Studying 1‐methyl‐5‐formylcytosine (4 b) under the same conditions, no ¹H NMR signals could be detected at the theoretically calculated shift region for hydrate 4 b_hyd at neutral pH. Still, the ¹⁸O isotope experiment showed fast oxygen exchange under the same conditions. When acidifying the NMR sample to pH=2, distinct signals for the hydrate form (p_4 b_hyd) arise at shift regions predicted in silico with an abundance of 0.5 % (Figure 3). This process is reversible upon neutralization excluding a kinetically controlled equilibrium, while deamination can be ruled out due to differences in chemical shifts (see Supporting Information). These observations are consistent with previous work by Carell et al., where levels of 0.5 % p_4 c_hyd have been detected by LC–MS measurements with water/acetonitrile (2 mM NH₄HCOO) under acidic conditions. ^[14] Whether or not these conclusions are also valid at the full nucleoside level was subsequently studied for 5‐formyl‐2’‐deoxycytidine (4 c) through ¹H NMR measurements in D₂O. Under unbuffered conditions (pH=8.3) the hydrate signals proved too small for quantitative evaluation. Acidification to pH=2.6 leads to hydrate signals closely similar to those observed before for 4 b_hyd, and a free energy of hydration of ΔG_exp =+22.1 kJ mol^‐1 was measured for protonated 4 c (p_4 c).

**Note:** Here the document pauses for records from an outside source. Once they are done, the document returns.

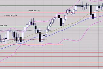 Dans ce cas, le graphe long terme indiquerait une rechute probable vers les 3650 points voire 3450 points qui correspondent aux retracements de 50% ou de 61,8% de l'ensemble de la hausse depuis juin 2012.
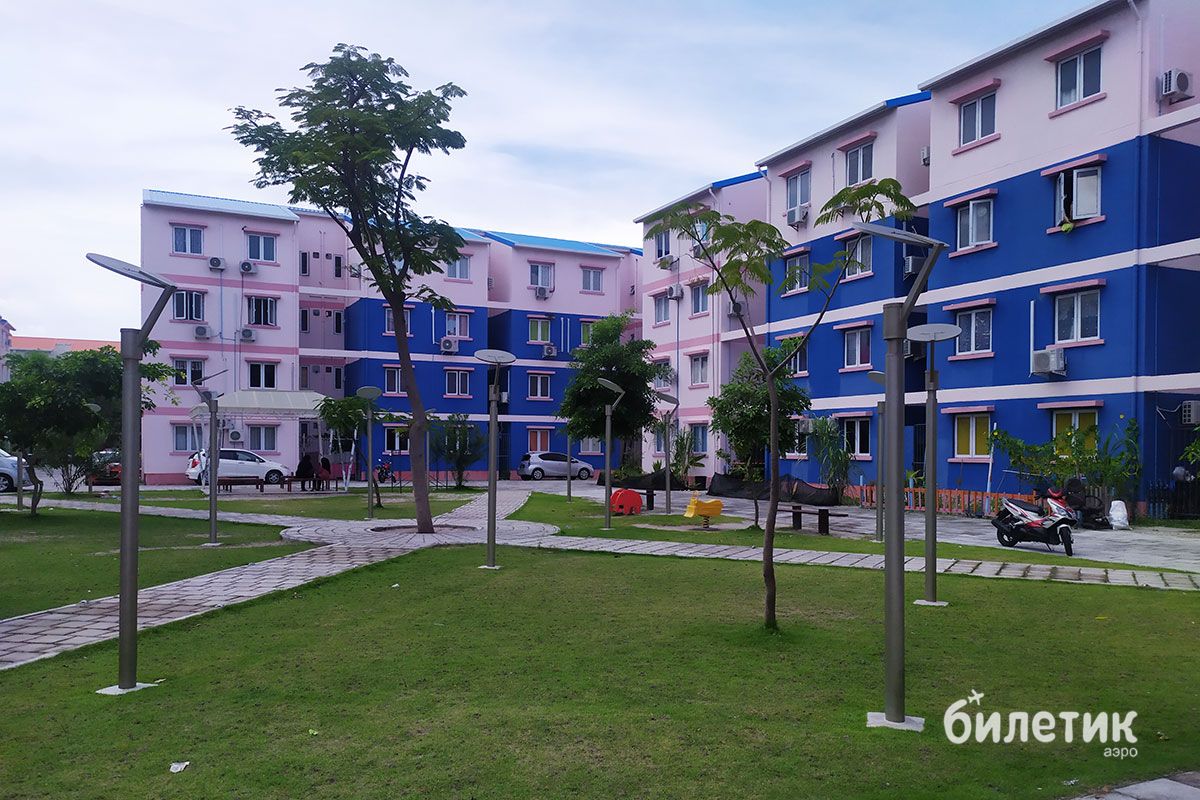 Что можно сказать... Остров Хулхумале насыпали в 2004 году, потому что развивающейся столице катастрофически не хватало земли. Ее мало, жилье стоит очень дорого, и власти построили еще один остров для увеличения полезной площади. Хулхумале — остров жилых кварталов. Там изначально продуманная планировка, кварталы малоэтажных жилых домов, дворики, улочки, скверики, широкие бульвары, супермаркеты и парковки. В общем, это — город.
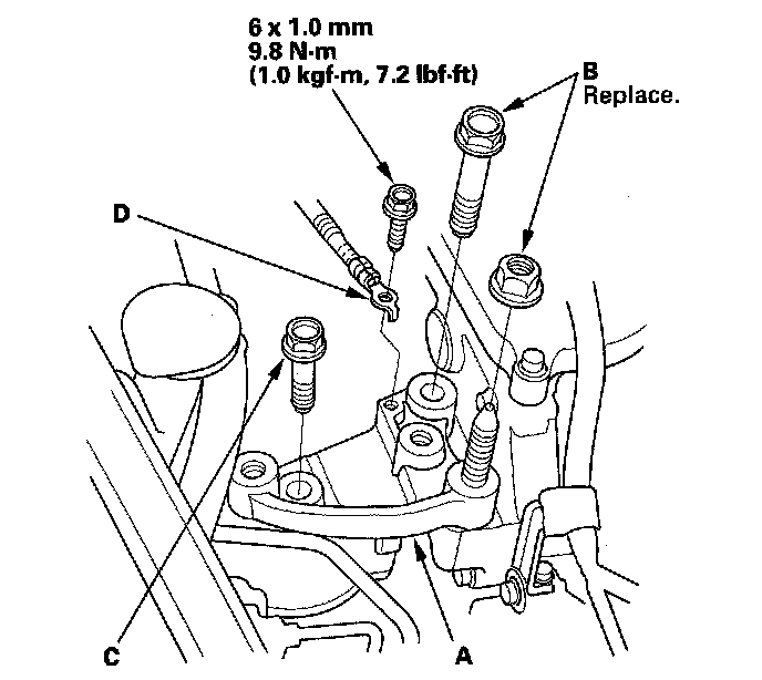 15. Install the side engine mount bracket (A), then loosely tighten the new bolt and nut (B), and loosely tighten the bolt (C).
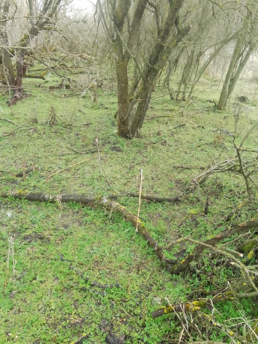 Ну находки конечно как чермет неплохие а всё же хотелось бы чего то поинтереснее. И я подумал - а не проверить ли местечко, где утром я нашёл патрон, и раньше находил подобное. Решил идти сразу туда, к ямам, которые я определил как воронки. Вот самая большая из них, её можно разглядеть, несмотря на то что камера совершенно не передаёт форму рельефа. Снег, оставшийся на её дне этому способствует.

In contrast to 4 b, however, slow hydrolysis of nucleoside 4 c can be observed under acidic conditions, which also implies that the hydration energy for 4 b may be somewhat more reliable (see Supporting Information Figure S21). In any case we can conclude that protonation has a significant influence on the hydration equilibrium of 5‐formylcytosine derivatives. In a more general sense this may also imply that the aldehyde/hydrate equilibrium of 5 fC can be shifted through specific environmental effects.In Table 1 all experimentally determined free energies of hydration ΔG _hyd are listed along with important references for theoretical calculations. For systems where the ΔG _hyd value could not be determined experimentally, the limits of detection and quantification (LOD and LOQ, see Supporting Information section S.5) are stated.

Figure 3.

¹H NMR spectra of the protonated form of 4 b and its hydrated form 4 b_hyd in D₂O at pH=2 and a concentration of 5.8×10⁻³ mol L⁻¹ together with the relevant signal assignments and calculated chemical shifts (in light blue).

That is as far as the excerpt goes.